WHAT YOU SHOULD DO
The records sit below. Return every line in them that holds the word "from".

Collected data

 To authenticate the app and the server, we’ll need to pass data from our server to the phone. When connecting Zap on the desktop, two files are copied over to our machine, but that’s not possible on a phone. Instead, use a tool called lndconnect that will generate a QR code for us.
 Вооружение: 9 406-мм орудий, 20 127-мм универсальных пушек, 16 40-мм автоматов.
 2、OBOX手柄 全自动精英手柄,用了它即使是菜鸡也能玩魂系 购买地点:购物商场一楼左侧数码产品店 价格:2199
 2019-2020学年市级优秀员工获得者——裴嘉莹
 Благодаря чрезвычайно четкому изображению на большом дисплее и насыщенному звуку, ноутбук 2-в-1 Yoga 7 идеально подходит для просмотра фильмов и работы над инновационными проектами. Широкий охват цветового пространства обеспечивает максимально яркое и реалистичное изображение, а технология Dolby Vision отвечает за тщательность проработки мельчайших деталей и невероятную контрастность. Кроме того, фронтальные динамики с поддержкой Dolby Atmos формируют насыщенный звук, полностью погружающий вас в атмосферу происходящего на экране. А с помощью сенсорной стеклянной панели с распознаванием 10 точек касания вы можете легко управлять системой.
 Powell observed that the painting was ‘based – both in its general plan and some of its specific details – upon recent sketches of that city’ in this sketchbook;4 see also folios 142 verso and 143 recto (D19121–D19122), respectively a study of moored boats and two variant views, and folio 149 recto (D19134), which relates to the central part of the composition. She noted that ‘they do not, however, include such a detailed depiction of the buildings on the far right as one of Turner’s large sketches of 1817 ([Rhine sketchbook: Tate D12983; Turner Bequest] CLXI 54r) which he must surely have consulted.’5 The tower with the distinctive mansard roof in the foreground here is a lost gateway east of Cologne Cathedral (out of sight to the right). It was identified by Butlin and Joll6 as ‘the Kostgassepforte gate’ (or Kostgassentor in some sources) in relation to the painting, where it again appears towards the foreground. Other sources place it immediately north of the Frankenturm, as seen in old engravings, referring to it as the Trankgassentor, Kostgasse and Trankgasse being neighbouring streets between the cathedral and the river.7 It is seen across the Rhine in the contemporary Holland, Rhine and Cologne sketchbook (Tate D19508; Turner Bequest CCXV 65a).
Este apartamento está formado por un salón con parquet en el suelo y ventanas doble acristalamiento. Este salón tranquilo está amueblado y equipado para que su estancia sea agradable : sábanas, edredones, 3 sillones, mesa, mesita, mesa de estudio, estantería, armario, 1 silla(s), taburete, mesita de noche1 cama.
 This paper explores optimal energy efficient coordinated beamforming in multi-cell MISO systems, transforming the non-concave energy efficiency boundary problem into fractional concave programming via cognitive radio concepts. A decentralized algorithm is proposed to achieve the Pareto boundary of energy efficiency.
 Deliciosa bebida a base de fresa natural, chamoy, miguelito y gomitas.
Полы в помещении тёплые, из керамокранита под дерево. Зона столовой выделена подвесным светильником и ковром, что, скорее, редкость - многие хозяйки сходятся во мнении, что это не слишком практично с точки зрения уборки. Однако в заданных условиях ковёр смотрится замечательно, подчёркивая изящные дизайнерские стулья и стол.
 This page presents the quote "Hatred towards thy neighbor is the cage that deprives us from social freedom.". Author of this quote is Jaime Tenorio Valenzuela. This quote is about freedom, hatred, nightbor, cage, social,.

TASK OUTPUT
 To authenticate the app and the server, we’ll need to pass data from our server to the phone. When connecting Zap on the desktop, two files are copied over to our machine, but that’s not possible on a phone. Instead, use a tool called lndconnect that will generate a QR code for us.
 This page presents the quote "Hatred towards thy neighbor is the cage that deprives us from social freedom.". Author of this quote is Jaime Tenorio Valenzuela. This quote is about freedom, hatred, nightbor, cage, social,.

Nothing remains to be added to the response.